Une entrevue de la pdg de la CBC jette l’inquiétude dans les salles de nouvelles

OTTAWA — Catherine Tait, la pdg de la CBC/Société Radio-Canada a jeté l’émoi dans les salles de nouvelles de la société d’État à la suite d’une entrevue qu’elle a accordée au Globe and Mail, indiquent des courriels à l’interne.

Certains cadres ont rapidement réfuté ses commentaires.

En février, le quotidien national avait rapporté que Mme Tait souhaitait que la CBC passe entièrement au numérique, abandonnant du même coup ses réseaux traditionnels de télévision et de radio. Toutefois, cette nouvelle orientation n’entrerait pas en vigueur au cours des dix prochaines années.

L’entrevue a aussi été publiée plusieurs mois après que la BBC eut annoncé des intentions similaires.

Un gestionnaire de la CBC a indiqué dans un courriel que cela ne serait pas le cas de la CBC/Radio-Canada. «Ce n’est pas la réalité pour nous, avait-il écrit. Même si nous établissions un plan à l’avance et adoptions la diffusion numérique, aucun Canadien ne serait laissé pour compte.»

Mme Tait a été nommée présidente-directrice générale (PDG) de CBC/Radio-Canada en juillet 2018 pour un mandat de cinq ans, ce qui est la norme pour cette fonction. Son mandat a été prolongé le mois dernier jusqu’au début de 2025.

Dans cette entrevue au Globe and Mail, Mme Tait avait également vertement critiqué le chef conservateur Pierre Poilievre, l’accusant de vouloir attaquer le diffuseur public à des fins de financement politique.

Des journalistes «ont exprimé des inquiétudes au sujet des opinions de Catherine [Tait] sur les campagnes politiques et l’opposition de Canadiens au financement de la CBC», peut-on lire dans un courriel.

George Achi, le responsable des normes journalistiques à la CBC, a tenté de rassurer les salles de rédaction en disant que les opinions de la direction n’influencent pas la couverture des nouvelles.

«Il va de soi que nous couvrons cette histoire avec la même justesse, la même précision, le même équilibre et la même approche fondée sur les faits que nos autres nouvelles», a-t-il écrit.

Dans un autre courriel, on notait que Mme Tait continuerait de parler de l’importance d’un diffuseur public avec des représentants de tous les partis politiques.
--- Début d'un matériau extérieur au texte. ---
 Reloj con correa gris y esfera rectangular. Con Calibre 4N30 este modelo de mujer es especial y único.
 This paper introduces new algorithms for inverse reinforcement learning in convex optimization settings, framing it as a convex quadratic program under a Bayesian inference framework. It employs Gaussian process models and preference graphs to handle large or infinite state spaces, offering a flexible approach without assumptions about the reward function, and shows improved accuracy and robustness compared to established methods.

En 2021-22, la CBC a reçu plus de 1,2 milliard $ de financement du gouvernement. C’est le conseil de direction qui détermine comment cet argent est dépensé.
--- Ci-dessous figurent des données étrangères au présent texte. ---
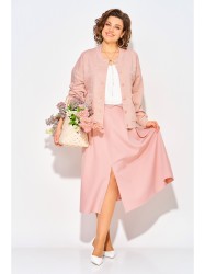В комплект входит юбка длиной миди А-силуэта на притачном поясе с резинкой. По переду заложены складки, имеются боковые карманы. Пикантность образу придает разрез по центру юбки. Застежка – юбочная тесьма-молния по центральному шву спинки.

Un porte-parole de la CBC/Radio-Canada, Leon Mar, a indiqué que Mme Tait n’était pas disponible pour une entrevue. Il a ajouté que la société d’État ne commentait pas les conversations des employés à l’interne, «lesquelles sont de nature confidentielles».

L’entrevue du Globe and Mail avait également soulevé les inquiétudes d’un syndicat représentant des employés de la CBC.

Des courriels indiquent que la Guilde canadienne des médias comptait publier un communiqué au lendemain de l’article, mais elle a accepté d’en retarder la diffusion d’une journée dans l’attente d’une précision de la direction.

Le syndicat s’inquiétait notamment des pertes d’emploi, de la réduction des salles de nouvelles et de l’accroissement de la tache de travail pour les journalistes demeurant éventuellement en poste. Plusieurs membres lui ont demandé s’ils allaient toujours avoir un emploi dans dix ans.

Dans un autre courriel interne, Shaun Poulter, le directeur général, Stratégie, Affaires publiques et Relations gouvernementales, de CBC/Radio-Canada, a reconnu que le syndicat s’était senti «pris de court» et «trahi» par les déclarations de Mme Tait sur le numérique.

«Si quelqu’un peut lui parler, lui demander de lire l’article et ne pas se laisser prendre par les appâts à clic. Nous n’abandonnons pas la télévision et la radio, bordel de merde», a demandé M. Poulter dans un autre courriel. L’expression «bordel de merde» était en abrégé.

La Guide canadienne des médias, le syndicat qui représente une partie des employés de la CBC/Radio-Canada, n’a pas répondu à une demande d’entrevue.